#### INSTRUCTIONS FOR THE TASK:
An exact transcription of all the entries is needed; pictures stay out.

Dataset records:

════════════════════

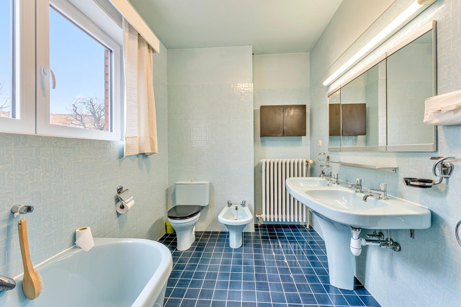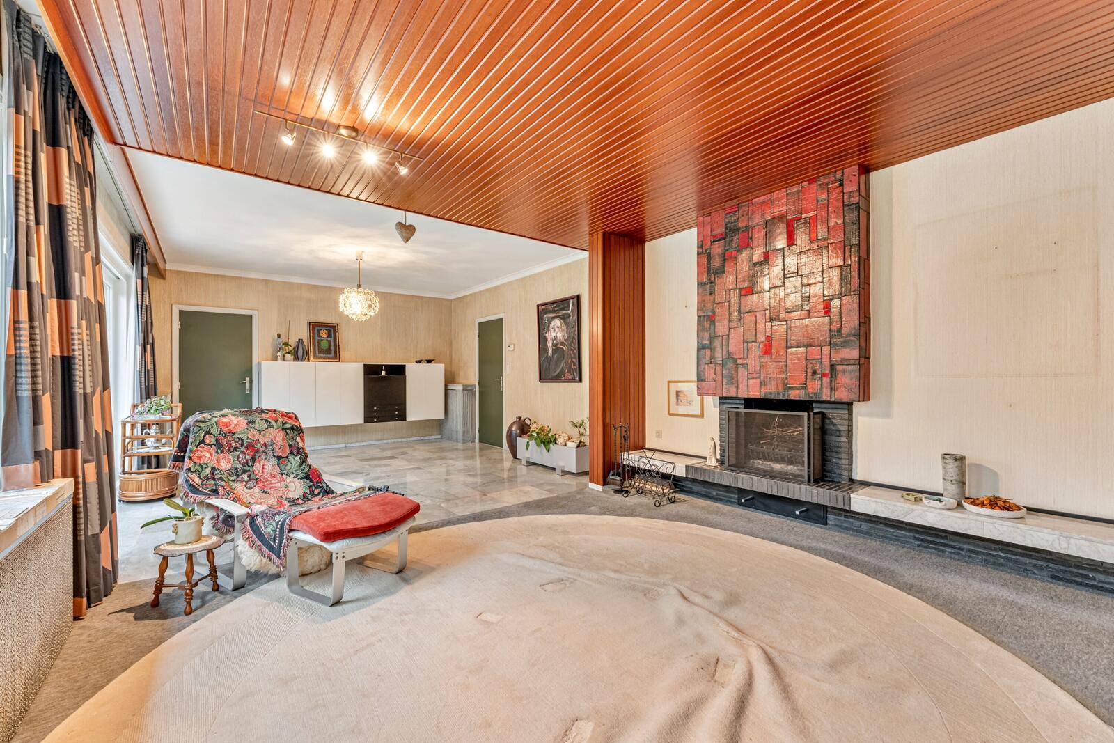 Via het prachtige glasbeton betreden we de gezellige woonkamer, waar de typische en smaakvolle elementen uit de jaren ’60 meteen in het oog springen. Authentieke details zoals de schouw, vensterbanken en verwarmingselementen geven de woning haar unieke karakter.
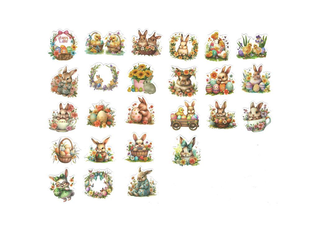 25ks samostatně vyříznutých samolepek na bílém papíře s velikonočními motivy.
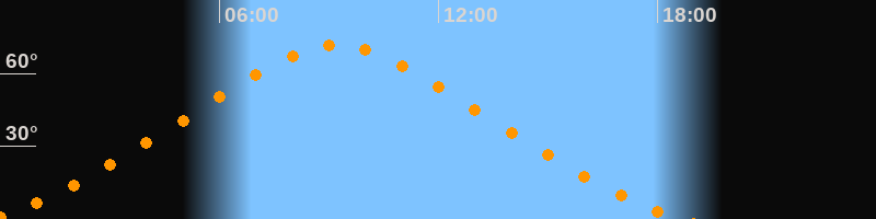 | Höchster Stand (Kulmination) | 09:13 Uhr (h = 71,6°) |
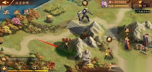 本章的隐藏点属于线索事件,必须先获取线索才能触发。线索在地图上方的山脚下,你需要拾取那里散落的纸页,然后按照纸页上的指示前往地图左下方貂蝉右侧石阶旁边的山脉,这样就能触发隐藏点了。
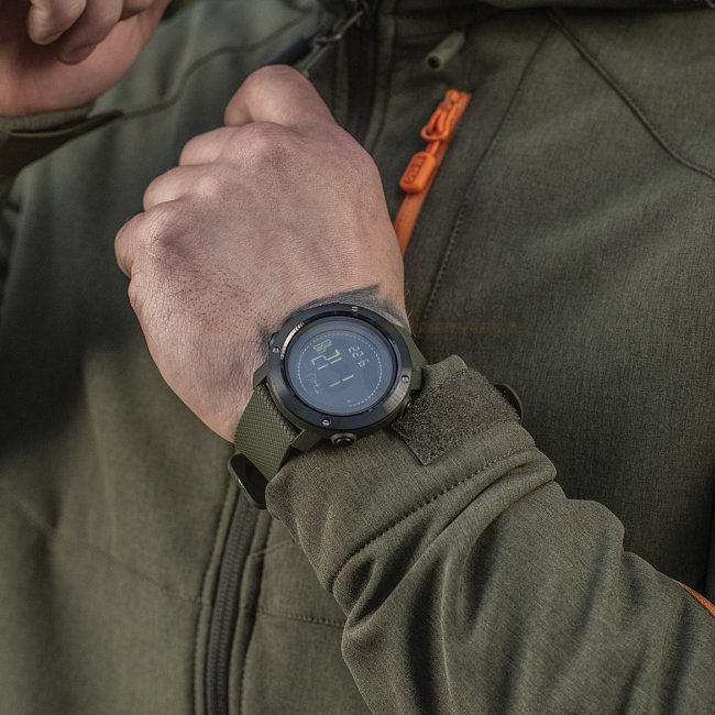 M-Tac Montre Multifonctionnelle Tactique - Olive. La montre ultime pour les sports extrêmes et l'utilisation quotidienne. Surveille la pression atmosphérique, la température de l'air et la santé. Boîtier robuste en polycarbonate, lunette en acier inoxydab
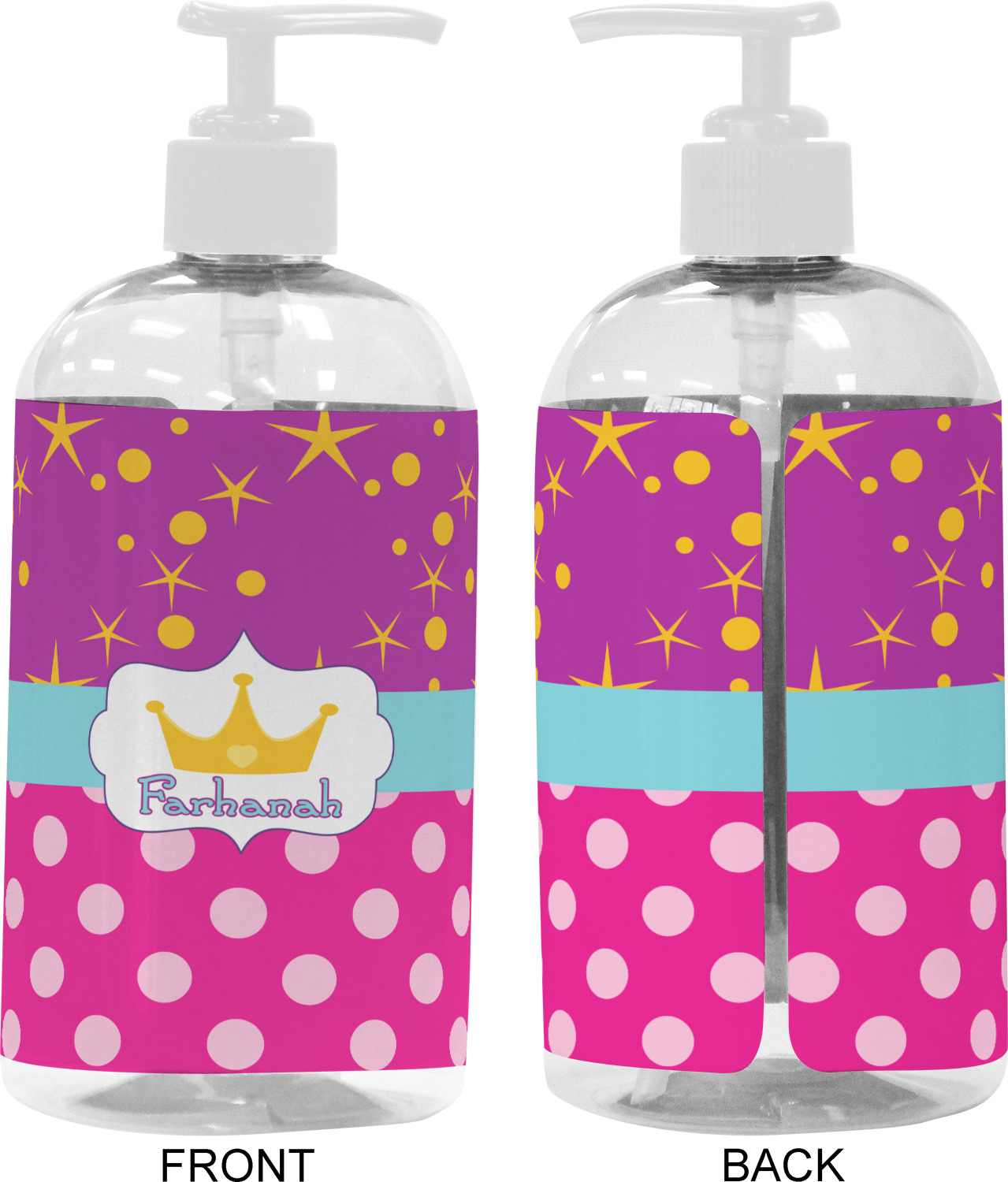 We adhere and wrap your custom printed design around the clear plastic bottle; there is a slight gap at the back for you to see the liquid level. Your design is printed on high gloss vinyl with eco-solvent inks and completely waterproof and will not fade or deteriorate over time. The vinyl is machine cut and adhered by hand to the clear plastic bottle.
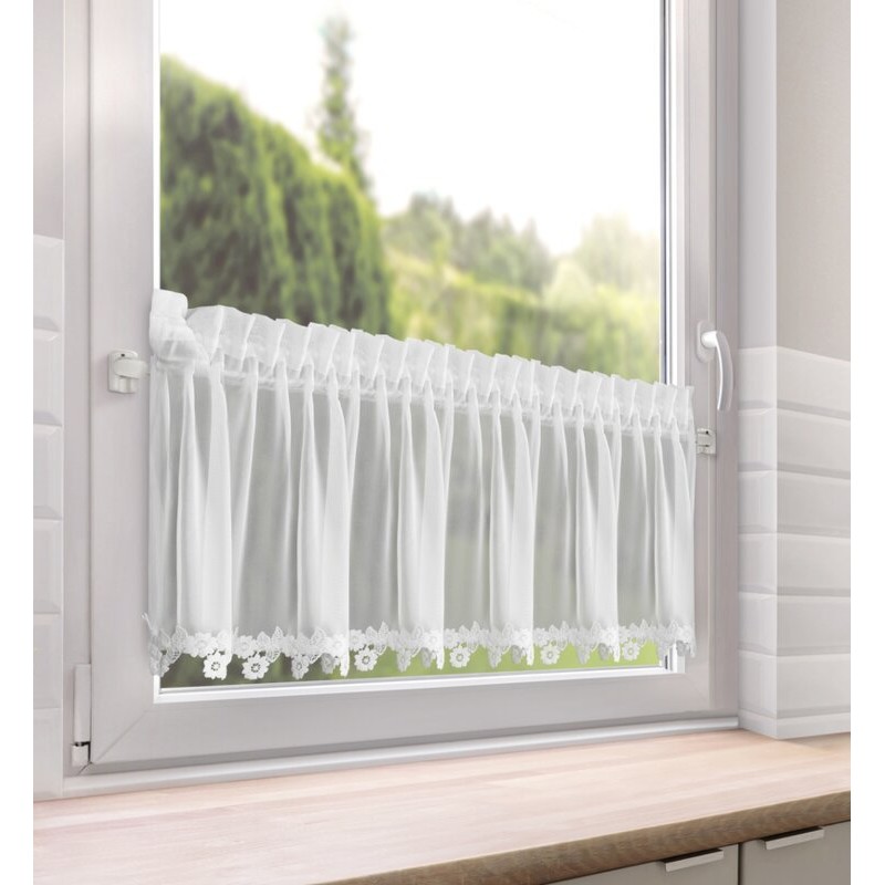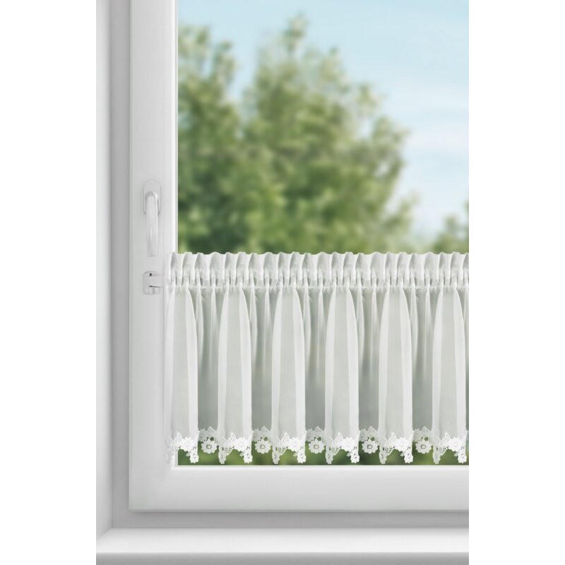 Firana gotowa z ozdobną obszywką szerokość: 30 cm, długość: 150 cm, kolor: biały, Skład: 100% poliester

════════════════════

#### TASK RESPONSE:
 Via het prachtige glasbeton betreden we de gezellige woonkamer, waar de typische en smaakvolle elementen uit de jaren ’60 meteen in het oog springen. Authentieke details zoals de schouw, vensterbanken en verwarmingselementen geven de woning haar unieke karakter.
 25ks samostatně vyříznutých samolepek na bílém papíře s velikonočními motivy.
 | Höchster Stand (Kulmination) | 09:13 Uhr (h = 71,6°) |
 本章的隐藏点属于线索事件,必须先获取线索才能触发。线索在地图上方的山脚下,你需要拾取那里散落的纸页,然后按照纸页上的指示前往地图左下方貂蝉右侧石阶旁边的山脉,这样就能触发隐藏点了。
 M-Tac Montre Multifonctionnelle Tactique - Olive. La montre ultime pour les sports extrêmes et l'utilisation quotidienne. Surveille la pression atmosphérique, la température de l'air et la santé. Boîtier robuste en polycarbonate, lunette en acier inoxydab
 We adhere and wrap your custom printed design around the clear plastic bottle; there is a slight gap at the back for you to see the liquid level. Your design is printed on high gloss vinyl with eco-solvent inks and completely waterproof and will not fade or deteriorate over time. The vinyl is machine cut and adhered by hand to the clear plastic bottle.
 Firana gotowa z ozdobną obszywką szerokość: 30 cm, długość: 150 cm, kolor: biały, Skład: 100% poliester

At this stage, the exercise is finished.